Like Ford and GM? Or Lucent, ATT, Oracle, Cisco? Was it Microsoft? Or was it Fannie Mae? Would it be Monsanto going forward, or would you rather have Chipotle rule the world? Or would you picture yourself getting a nice suntan in the carrib while waiting First Solar's earnings to be just under 100 of its price? I am sorry if your feelings are hurt. Point is, you generally cannot. I work for Fortune 500 with one goal in mind, to get paid at the expense of shareholder. To the extent I own shares of the companies I work for, they are awarded for free loot, and I am counting on the mindset above to help me turn that into money I can use to go to caribean myself at your expense.

Okay, if you insist to go East and fight the bolsheviks, the least I could do is give this inspiring parting gift:



9. Being rich is enough.

False. You also need to be able to HIDE your assets and income from that asset. Hint: Think a year or two ahead and save yourself. Also, being rich is never enough. Living a healthy life is much better.

I'll return to this series periodically.

2 comments:

Penn said...

MTG, can you expand on point 9 a little bit more.

Why does one have to hide assets and the income derived from it?

MTGSPY said...

Even if I am absolutely dead wrong that the tax rate doesnt go up significantly after this exciting period of time, you are well served sir, to appear poor and take on a lot of debt AFTER you hide your stuffs.

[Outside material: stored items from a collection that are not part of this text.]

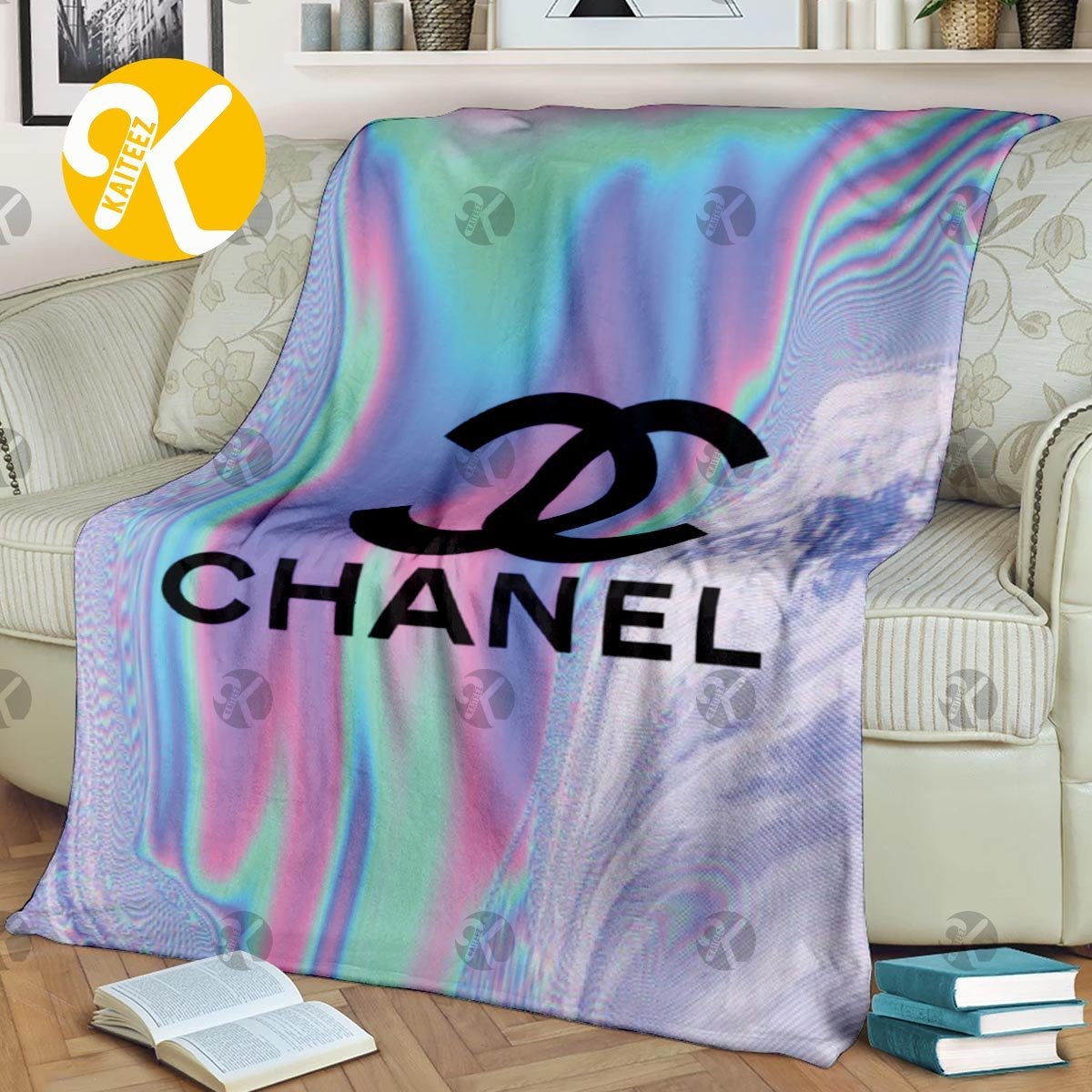 Chanel Big Signature Logo In Colorful Hologram Background Effect Blanket
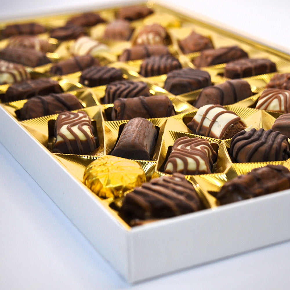 Sumérgete en el exquisito mundo del chocolate premium con la selección de bombones surtidos de Maître Truffout. Este elegante estuche de pralinés combina los más finos chocolates con rellenos cremosos y sabores irresistibles, perfectos para los amantes del chocolate suizo de alta calidad.
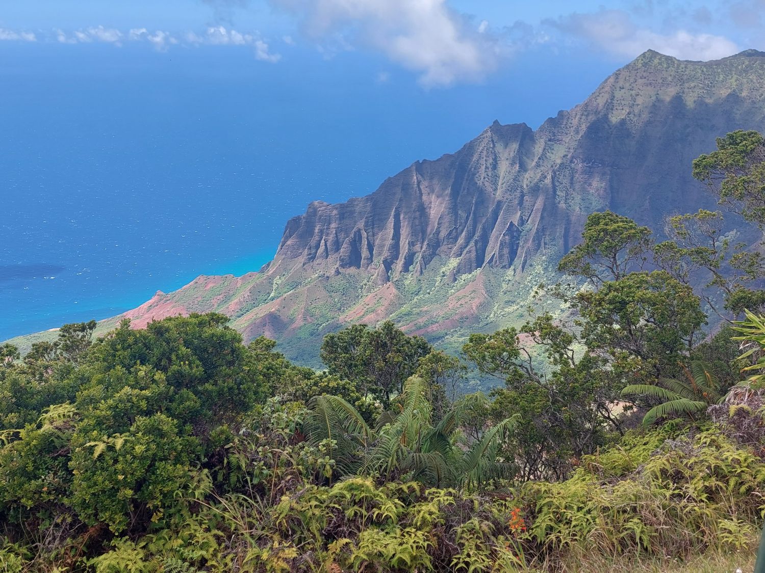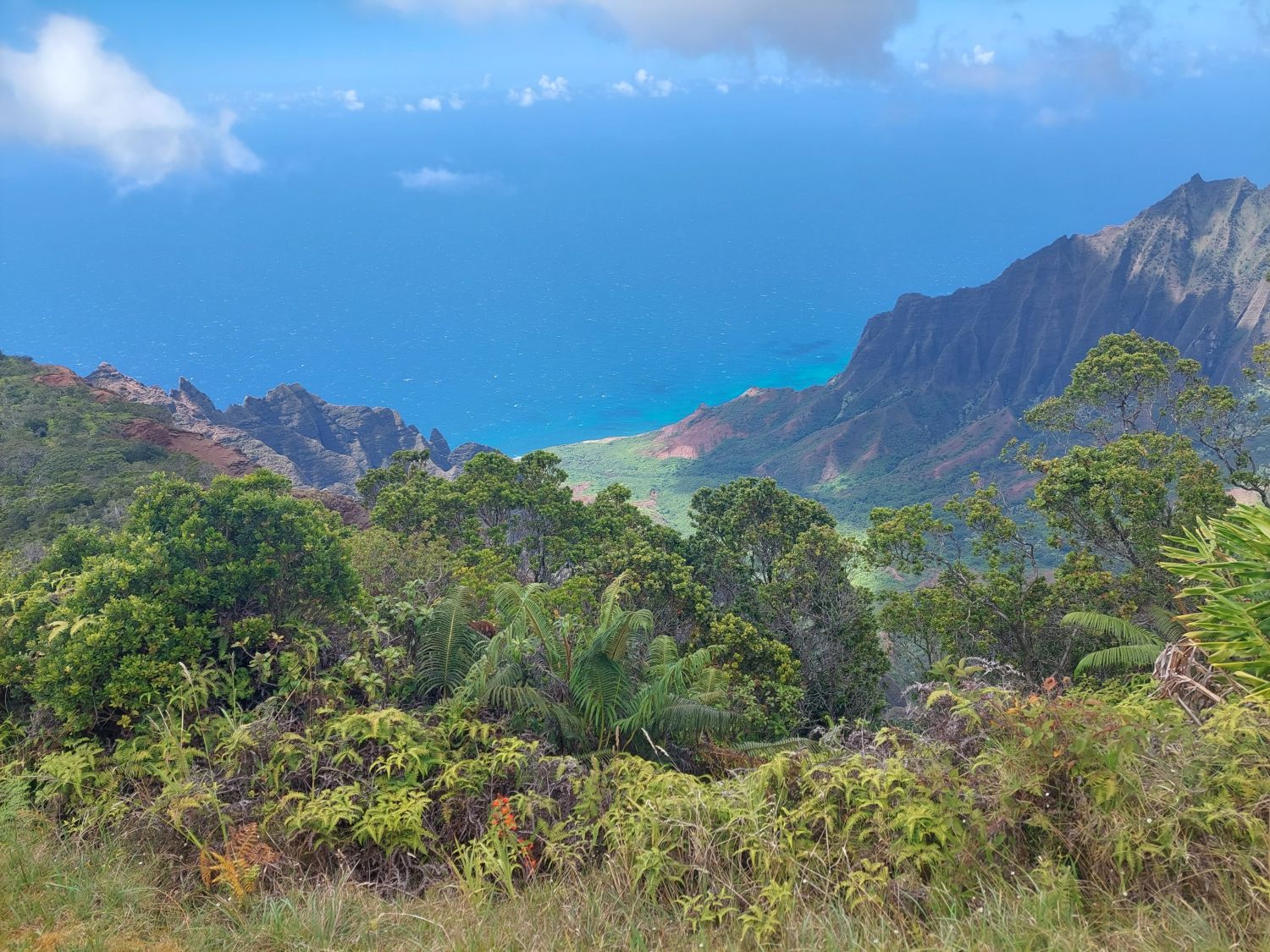 Notre exploration se termine sur Kauai, la plus petite des trois îles visitées, mais sans doute la plus éblouissante. Souvent qualifiée de « perle » de l’archipel, elle offre des possibilités de randonnées absolument sublimes. La diversité des paysages est frappante, particulièrement sur la côte ouest où se déploie la majestueuse Na Pali Coast.
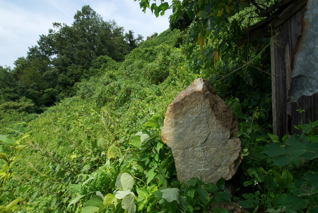 「紫鱗龍王」の場所は、石田三成の居城があった佐和山、「千貫井」のところである。かつては水神を祭る社だったのだろうと思われる構造物があり(今は傾いている)、その横に写真のような「紫鱗龍王」と刻んだ石があるのだ。
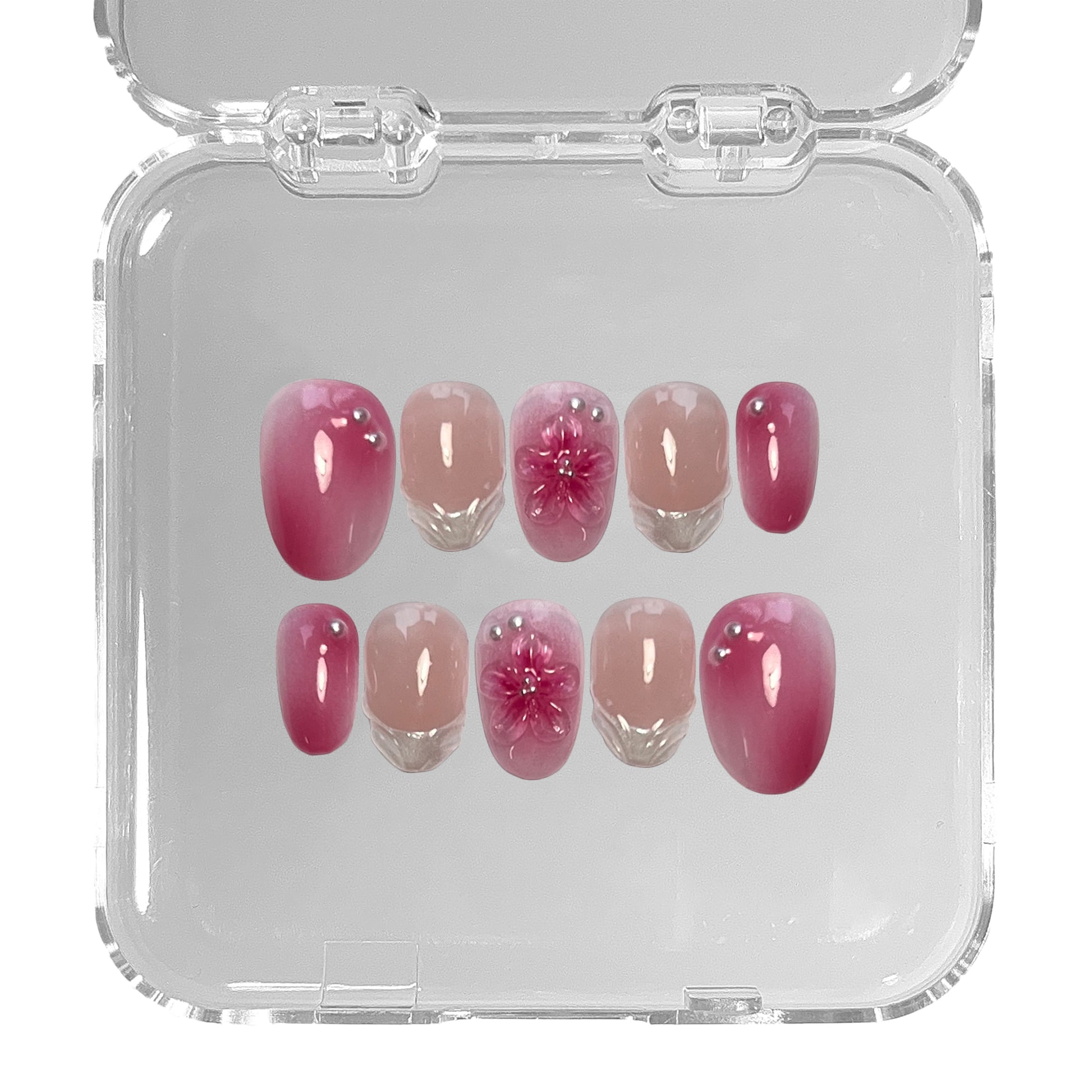 YOU WILL RECEIVE YOUR NAILS IN A CLEAR ACRYLIC CASE FOR SAFE STORAGE. 1 NAIL APPLICATION TOOL KIT INCLUDED.

One example that comes to mind is the cost of education for your kids if there is some documentation about you owning a chunk of assets. They'll "hollow you out" you can bet on that.

Fool you once shame on them, ... the next time, leech the f* out of this system. Be the pigmen extraordinaire. You have everything to gain, and nothing to lose.

May that advice serve you well in the days ahead sir.